### [Collected material]

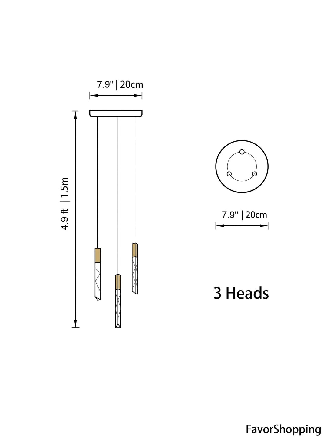 3 Lights | Round | Overall Height 59" / 150 cm ; 7.9" / 20 cm D
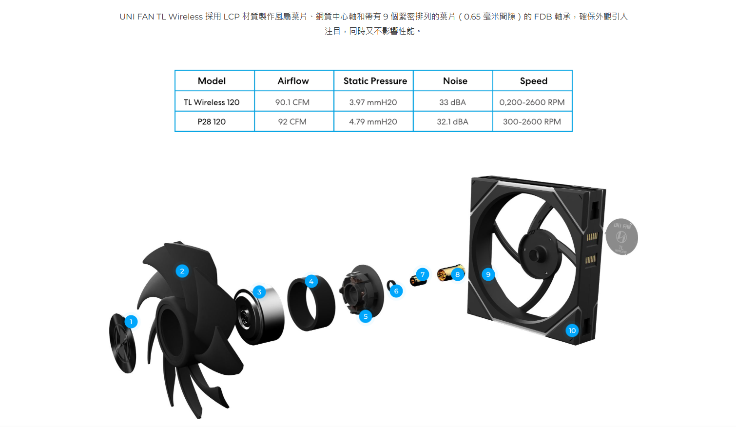 ✦ LCP(液晶聚合物)風扇葉片具有嚴格的公差
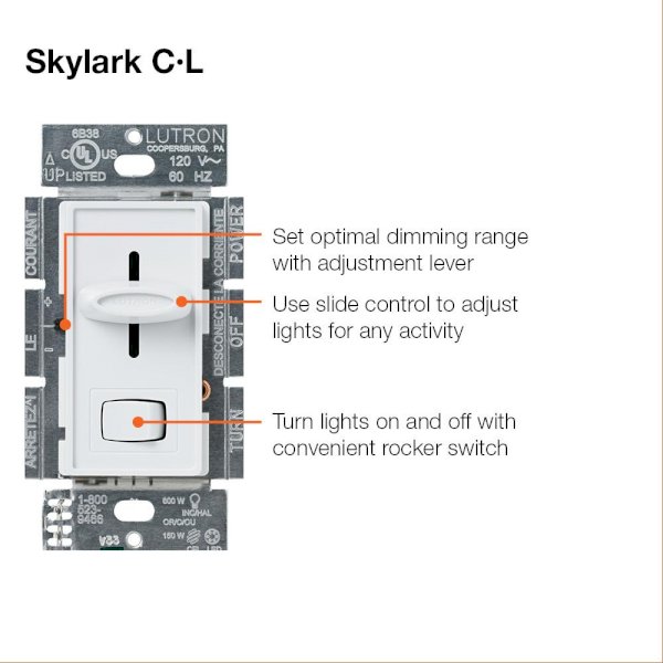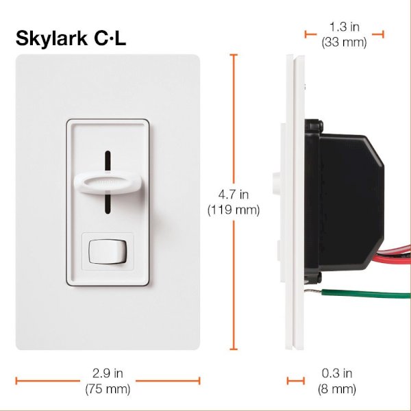 The Skylark C.L dimmer provides optimal dimming performance of LED bulbs. This dimmer works with up to 150-Watt of dimmable LED/CFL or 600-Watt of incandescent/halogen, allowing you to control multiple bulb types on the same circuit. It is designed to control a broad range of dimmable LED and CFL bulbs from a variety of brands including Philips, Cree, GE, EcoSmart and Lighting Science. The Skylark dimmer features slide knob to adjust your light to any activity. Use the rocker switch to turn your lights off or on returning the lights to your favorite level. Coordinating Claro wall plate sold separately.
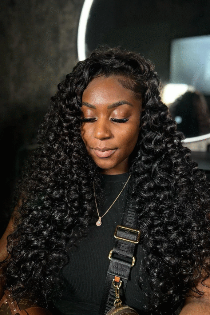You moisturize lightly before styling to keep every coil glossy yet soft to touch.

### [What this task involves]
Copy out every line of the material above exactly, skipping the pictures.

### [Task solution]
 3 Lights | Round | Overall Height 59" / 150 cm ; 7.9" / 20 cm D
 ✦ LCP(液晶聚合物)風扇葉片具有嚴格的公差
 The Skylark C.L dimmer provides optimal dimming performance of LED bulbs. This dimmer works with up to 150-Watt of dimmable LED/CFL or 600-Watt of incandescent/halogen, allowing you to control multiple bulb types on the same circuit. It is designed to control a broad range of dimmable LED and CFL bulbs from a variety of brands including Philips, Cree, GE, EcoSmart and Lighting Science. The Skylark dimmer features slide knob to adjust your light to any activity. Use the rocker switch to turn your lights off or on returning the lights to your favorite level. Coordinating Claro wall plate sold separately.
You moisturize lightly before styling to keep every coil glossy yet soft to touch.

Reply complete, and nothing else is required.